主座前的矮凳上,时方昀抱着一个脸盆大小、盛满了肉粥的海碗,一勺接一勺地往嘴里送。
兼管全军伙食的张将军见状,收回锅铲,畅快地呼出一口气,坐回到椅子里,满脸感慨:“你们看!我就说得多吃点吧,刚才那小脸还煞白呢,这不就红润起来了?”
此言一出,众人纷纷附和。
“张将军说得不错,这么一看,小将军的脸色好多了啊!”
“食疗又怎么不算治疗呢?依我看,张将军完全可以算得上神医啦!”
“哈哈哈!”
他们笑得欢快,却没人在意时方昀几乎翻到天上的白眼。
——他不是时白,真的吃不动了!
但张将军哪里会管那么多?视线从头到尾都紧紧地盯着时方昀的一举一动。眼看着时方昀往嘴里塞肉粥的动作慢下来了,他重新拿出锅铲,在桌子上敲了敲,语气格外严厉,“怎么又慢下来了?快给老子吃!瞅瞅你那麻杆腰,对得起老子这十年来的良苦用心吗?”
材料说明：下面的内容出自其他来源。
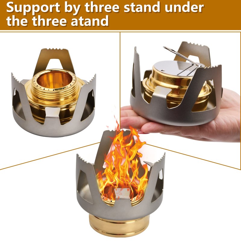 - 【Reliable and Easy to Use】: Our alcohol stove, also known as an alcohol burner, is crafted from durable brass and stainless steel materials that are both solid and lightweight. The tear and wear-resistant construction ensures that it is not easily broken or deformed, and it can serve you for a long time. You can confidently purchase and use it for your camping or backpacking trip.
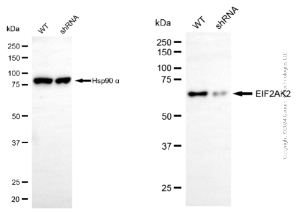 ![]() | Western blotting analysis using anti-EIF2AK2 antibody (Cat#63491). EIF2AK2 expression in wild type (WT) and EIF2AK2 shRNA knockdown (KD) HeLa cells with 20 μg of total cell lysates. Hsp90 α serves as a loading control. The blot was incubated with anti-EIF2AK2 antibody (Cat#63491, 1:5,000) and HRP-conjugated goat anti-mouse secondary antibody (Cat#101, 1:20,000) respectively. Image was developed using NaQ™ ECL Substrate Kit (Cat#716). |

“你那是猫嘴吗?一口就吃那几粒米?在这军营里,老子喂的只有老虎,不是猫!给老子大口吃!”
时方昀:“……”
他承认自己这两天是瘦了一点点,但绝对没有张叔说得那么夸张!赶忙又往嘴里送了两大勺,努力把嘴里的肉粥咽下去后,他道:“张叔教训的是,我一定会吃完的。不过、我也可以边吃边聊的,不耽误……”
发觉张叔投来怀疑的视线,他忙笑呵呵地转移话题:“这十年间关于京中的一些事,我回来时就该知道的,没成想被拖了脚,今日才抽出时间来,诸位在京中待的时间长,可否给我说来听听?”
在座的除了军师和一同回来的两位军中老将外,将军府的一半门客都来了。几人互相看了看,最后不约而同地将目光落在了留着山羊胡的中年人身上。
李期在门客中属于较为年长的,平日里为人和善,时常出没于各种宴会,社交广泛,由他来说,再好不过。
见众人视线看来,李期捋了捋自己的山羊胡,稍作思索后,笑着说:“赵贤弟是朝中人,按理来说他对朝中局势最为了解,只可惜他今日公务繁忙,来不了了,那就……由我来说说。”
“小将军与太后娘娘颇为亲近,自然也知道,在陛下之前执掌朝政的是太后娘娘。只是自陛下登基后,太后娘娘并未完全放权。那小将军可知道,太后娘娘是何时开始彻底不理朝政的?”
时方昀举着勺子想了想,年幼时的记忆里,好像从未见过太后执掌号令的模样。
“这一点我的确不知,但陛下登基至今已近三十年,太后娘娘想必早就交出了权利……”
“非也。”李期敛了表情,摇头道:“是七年前。大兖小皇子被俘,北境面临失守风险,消息传回皇城的那日,黄金殿大门紧闭。那日夜后,太后娘娘手中便再无实权。至于黄金殿中发生了什么,至今为止,除了陛下和太后娘娘,还有那暗棘的首领,便再无人知晓。”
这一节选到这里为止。